### WHAT YOU HAVE TO DO
Print out each entry below exactly; do not carry over any image.

(Records contained in a dataset)
------------------------

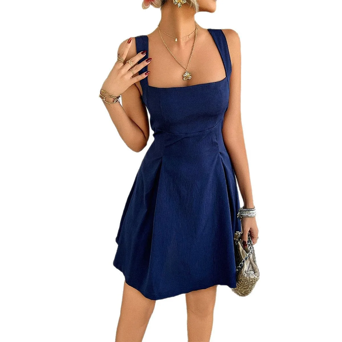 Women's Anti-Static Casual Summer Dresses Spaghetti Strap Square Collar Solid Pattern Woven Natural Plain Dyed Technique
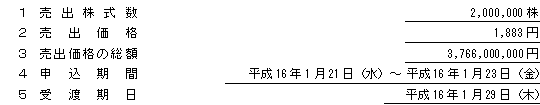 平成16年1月9日開催の当社取締役会において決議いたしました。当社凱旋門 賞 海外 オッズの売出しにつきましては、売出価格等が未定でありましたが、本日下記のとおり決定いたしましたので、お知らせいたします。
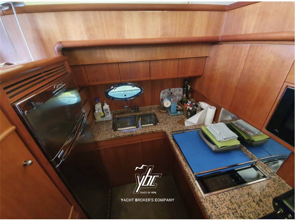 Ampia dinette semi circolare a dritta, comoda cucina sul lato sinistro completa di frigo, lavello, forno microonde, piano cottura in vetroceramica a 4 fuochi. Dalla cucina si accede ad un enorme vano utilizzato per stivaggio e cambusa.
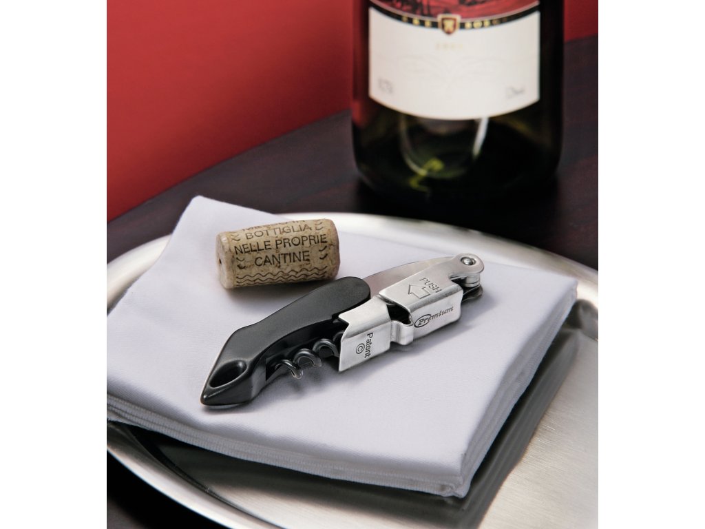 Nerezový, s nerozbitnou čiernou plastovou rúčkou. Vývrtka má teflónový povrch. Otvárak na víno s dvojitou push-funkciou, ktorá umožní bezpečné odkorkovanie s minimom sily. Materiál: oceľ, umelohmotná odolná rúčka.Dodatočné parametre
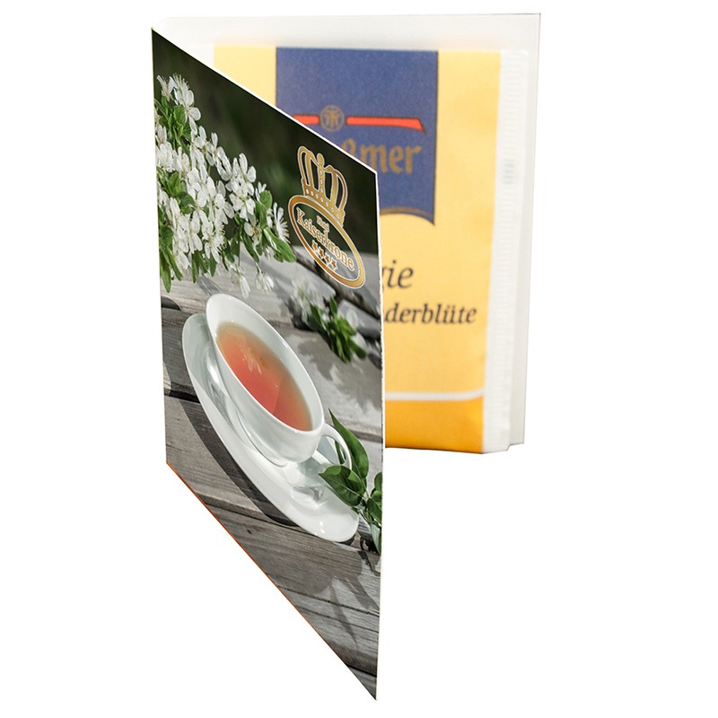 Eine beidseitig bedruckte Werbe-Klappkarte. Auf den Innenseiten kann 1 Teebeutel aufgebracht werden.
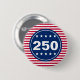 This button has two rows of white stars on a blue circle. In celebration of America's 250th anniversary, 250 is in white letters are between the stars. It has red and white stripes in the background that are reminiscent of the American flag.
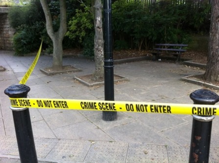 The crime scene remains cordoned off this morning
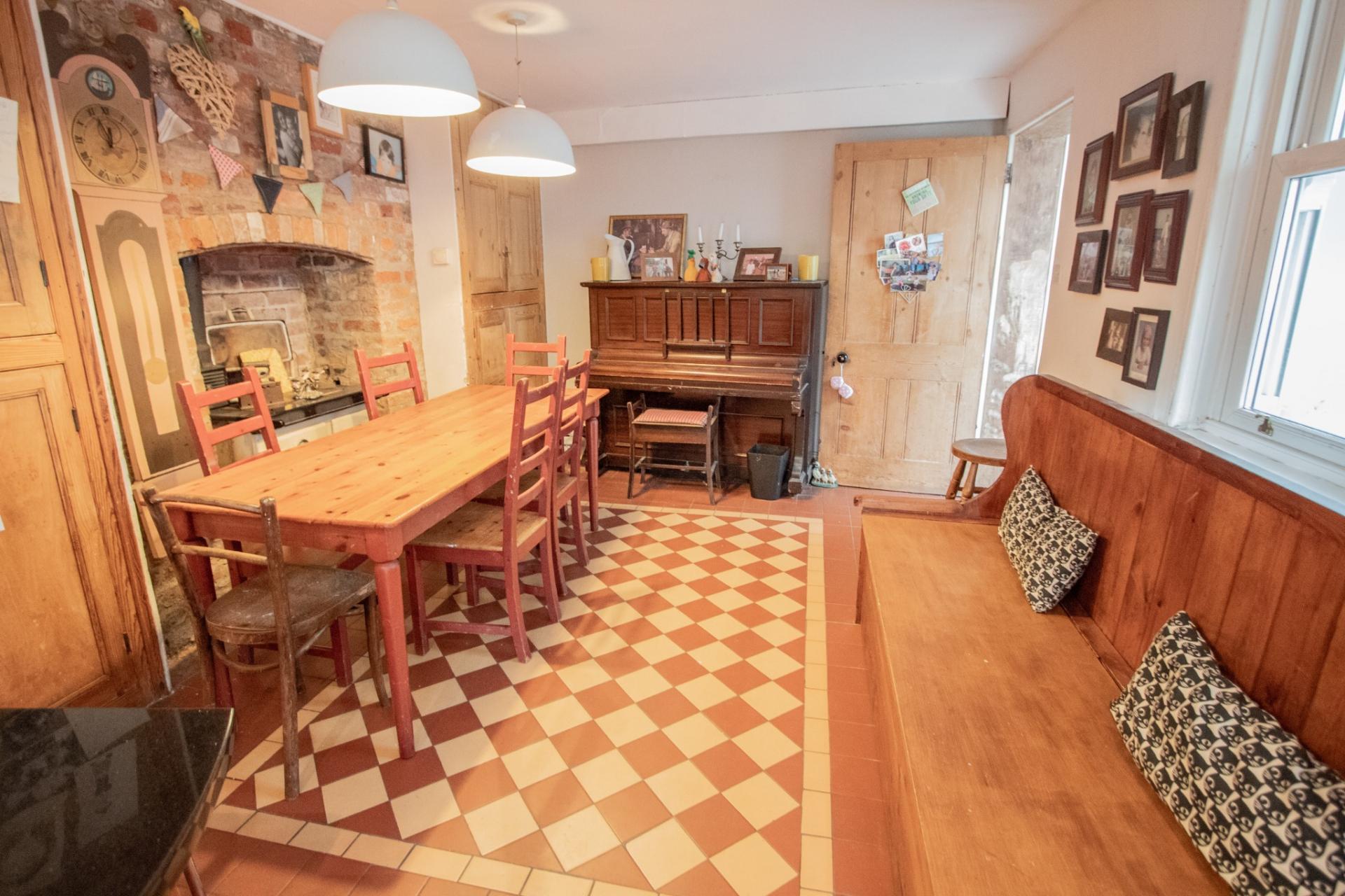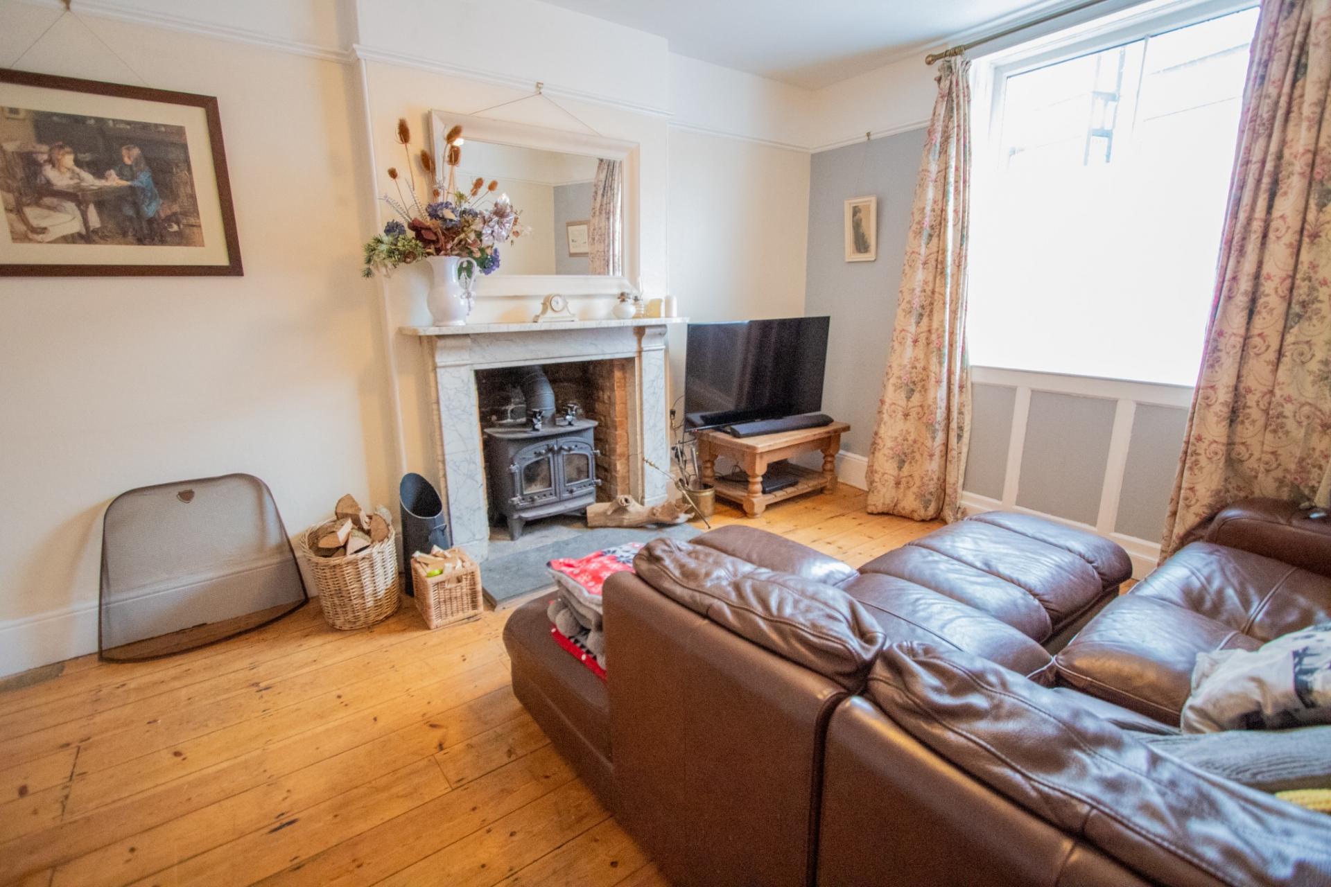 The accommodation has a lot of character and comprises: a welcoming entrance hallway with attractive tiled flooring which gives access to a living room, with feature marble fireplace and wood burner, exposed wooden flooring and access to a large walk-in cupboard. There is a further separate reception room with fireplace, timber floor and built-in cupboards to one recess. There is an orangery with roof lantern and access to the rear garden. The farmhouse-style kitchen/dining room is a good-sized room with tiled flooring, a feature exposed brick fireplace, a range of wooden wall and base units, granite worktop surfaces and french doors into the rear garden. There is also a utility room which leads to the cloakroom. On the first floor there are 4 good-sized bedrooms. The master has a large walk-in wardrobe, bedroom 2, has an ornamental fireplace and exposed timber floor. The family bathroom suite has a clawed feet bath on a raised plinth with a shower over it.

------------------------

### RESULT FOR THIS TASK
 Women's Anti-Static Casual Summer Dresses Spaghetti Strap Square Collar Solid Pattern Woven Natural Plain Dyed Technique
 平成16年1月9日開催の当社取締役会において決議いたしました。当社凱旋門 賞 海外 オッズの売出しにつきましては、売出価格等が未定でありましたが、本日下記のとおり決定いたしましたので、お知らせいたします。
 Ampia dinette semi circolare a dritta, comoda cucina sul lato sinistro completa di frigo, lavello, forno microonde, piano cottura in vetroceramica a 4 fuochi. Dalla cucina si accede ad un enorme vano utilizzato per stivaggio e cambusa.
 Nerezový, s nerozbitnou čiernou plastovou rúčkou. Vývrtka má teflónový povrch. Otvárak na víno s dvojitou push-funkciou, ktorá umožní bezpečné odkorkovanie s minimom sily. Materiál: oceľ, umelohmotná odolná rúčka.Dodatočné parametre
 Eine beidseitig bedruckte Werbe-Klappkarte. Auf den Innenseiten kann 1 Teebeutel aufgebracht werden.
 This button has two rows of white stars on a blue circle. In celebration of America's 250th anniversary, 250 is in white letters are between the stars. It has red and white stripes in the background that are reminiscent of the American flag.
 The crime scene remains cordoned off this morning
 The accommodation has a lot of character and comprises: a welcoming entrance hallway with attractive tiled flooring which gives access to a living room, with feature marble fireplace and wood burner, exposed wooden flooring and access to a large walk-in cupboard. There is a further separate reception room with fireplace, timber floor and built-in cupboards to one recess. There is an orangery with roof lantern and access to the rear garden. The farmhouse-style kitchen/dining room is a good-sized room with tiled flooring, a feature exposed brick fireplace, a range of wooden wall and base units, granite worktop surfaces and french doors into the rear garden. There is also a utility room which leads to the cloakroom. On the first floor there are 4 good-sized bedrooms. The master has a large walk-in wardrobe, bedroom 2, has an ornamental fireplace and exposed timber floor. The family bathroom suite has a clawed feet bath on a raised plinth with a shower over it.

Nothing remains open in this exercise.